Root AGENTS.md for a monorepo
# AGENTS.md (root)
## Monorepo overview
This is a pnpm workspace monorepo with three packages: `api`, `web`,
and `shared`. Each has its own AGENTS.md with specific setup steps.
## Global commands
pnpm install # Install everything
pnpm turbo run build # Build all packages
pnpm turbo run test # Test all packages
pnpm turbo run test --filter=api # Test one package
## Commit conventions
- Format: `type(scope): description`
- Types: feat, fix, docs, refactor, test, chore
- Scope: package name (api, web, shared)
- Example: `feat(api): add inventory search endpoint`
## PR guidelines
- Title format: `[package-name] Description`
- Always run `pnpm lint` and `pnpm test` before committing
- One logical change per PR
Auto-generating AGENTS.md with the coding agent
You don’t have to write AGENTS.md from scratch. GitHub provides an official prompt that instructs the Copilot coding agent to analyze your repository and generate a comprehensive instructions file. This is the recommended starting point for existing projects.
How to use it
- Navigate to github.com/copilot/agents (or click the Copilot icon in the GitHub search bar → Agents)
- Select the target repository from the dropdown
- Paste the prompt below and submit
GitHub’s official prompt (abridged for clarity — the full version is in the GitHub documentation):
Your task is to "onboard" this repository to Copilot coding agent by
adding a .github/copilot-instructions.md file that contains information
describing how a coding agent seeing it for the first time can work
most efficiently.
You will do this task only one time per repository and doing a good job
can SIGNIFICANTLY improve the quality of the agent's work, so take your
time, think carefully, and search thoroughly before writing the
instructions.
<Goals>
- Reduce the likelihood of a coding agent PR getting rejected due to
generating code that fails CI, fails validation, or has misbehavior.
- Minimize bash command and build failures.
- Allow the agent to complete its task more quickly by minimizing the
need for exploration using grep, find, and code search tools.
</Goals>
<WhatToAdd>
- A summary of what the repository does.
- High level repository information (size, type, languages, frameworks).
- For build, test, lint, and every scripted step: the exact sequence
of commands, validated by running them.
- Major architectural elements with relative paths.
- CI/CD checks the agent should replicate locally.
</WhatToAdd>
The agent will:
- Inventory the codebase (README, config files, scripts, workflows)
- Run commands to validate they work
- Document errors and workarounds
- Generate the file and open a PR for you to review
Important: The official prompt generates
copilot-instructions.md, which is Copilot-specific.
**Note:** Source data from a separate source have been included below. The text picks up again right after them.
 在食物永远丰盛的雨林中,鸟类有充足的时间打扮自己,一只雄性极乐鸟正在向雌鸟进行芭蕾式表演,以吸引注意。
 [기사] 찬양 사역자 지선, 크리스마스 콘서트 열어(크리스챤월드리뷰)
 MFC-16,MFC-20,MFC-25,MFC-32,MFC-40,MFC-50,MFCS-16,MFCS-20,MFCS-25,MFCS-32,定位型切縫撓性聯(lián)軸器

If you want a cross-agent AGENTS.md, take the generated output and adapt it. Most of the content applies to any agent — the build steps, architecture, and conventions are universal.
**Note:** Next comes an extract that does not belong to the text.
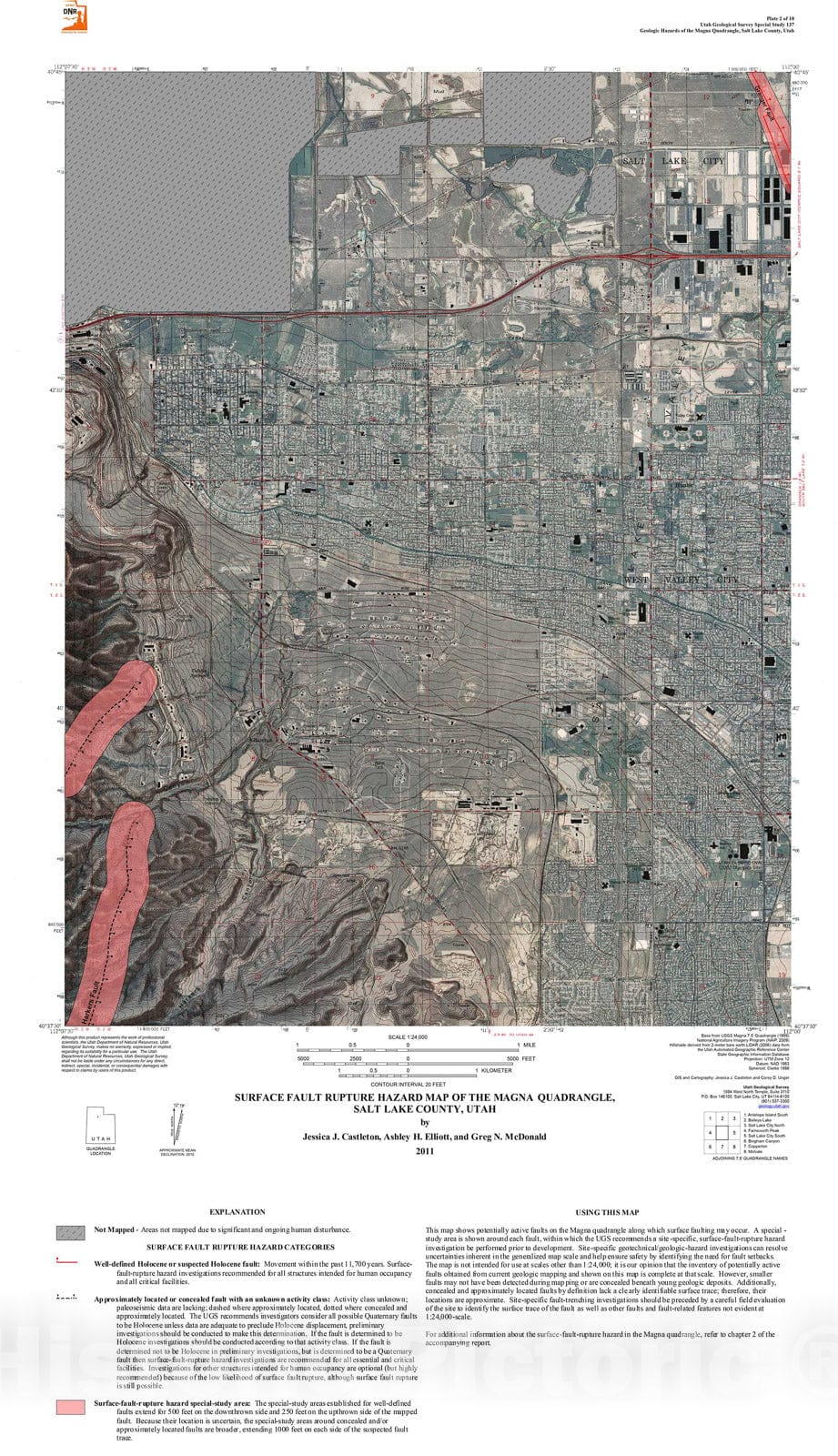 • .Map : Surface fault rupture hazard map of the Magna quadrangle, Salt Lake County, Utah, 2011 Cartography Wall Art :

Adapting the output to AGENTS.md
After the coding agent generates copilot-instructions.md, you can create AGENTS.md from it:
- Copy the content to a new
AGENTS.mdfile at the repo root - Remove any Copilot-specific behavioral instructions (response tone, code generation preferences) — those belong in
copilot-instructions.md - Keep the operational content: build steps, test commands, architecture, conventions
- Add any agent-agnostic context the prompt might not cover (deployment, environment setup, data seeding)
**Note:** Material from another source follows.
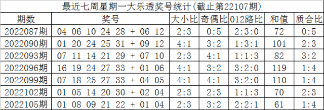 大乐透第2022105期(上周星期一)奖号为:01、08、09、21、22+01、04。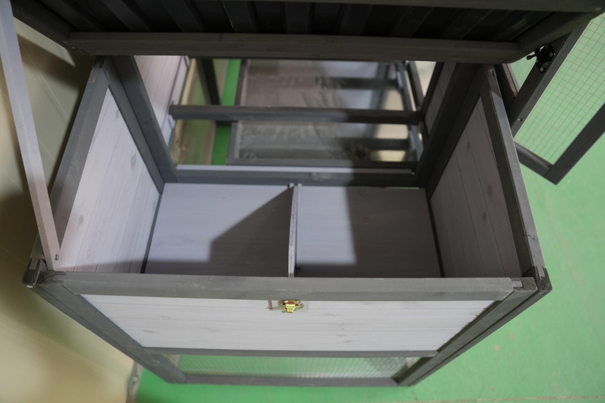 - Chicken Nesting Box: Luxury coop with built-in nesting box measuring 14"x23"x15".Open asphalt roof and metal lock for easy egg access and predator protection,side nest box with removable dividers that are spacious enough for 2 hens to lay

This way you maintain both files: copilot-instructions.md for Copilot-specific behavior, and AGENTS.md for any agent that touches the repo.
Writing an effective AGENTS.md: best practices
1. Be imperative, not descriptive
Agents follow instructions better than they interpret descriptions.
| Weak (descriptive) | Strong (imperative) |
|---|---|
| “The project uses Vitest for testing" | "Run pnpm test to execute all tests. Run pnpm vitest run -t 'test name' for a specific test." |
| "Biome is configured for linting" | "Always run pnpm lint before committing. If lint fails, run pnpm lint --fix to auto-fix." |
| "We use conventional commits" | "Format every commit as type(scope): description. Valid types: feat, fix, docs, refactor, test, chore.” |
2. Document the gotchas
The most valuable sections in AGENTS.md are the ones that prevent mistakes a newcomer would make:
## Common gotchas
- After changing `prisma/schema.prisma`, you MUST run `pnpm db:generate`
before building. Otherwise TypeScript will report missing types.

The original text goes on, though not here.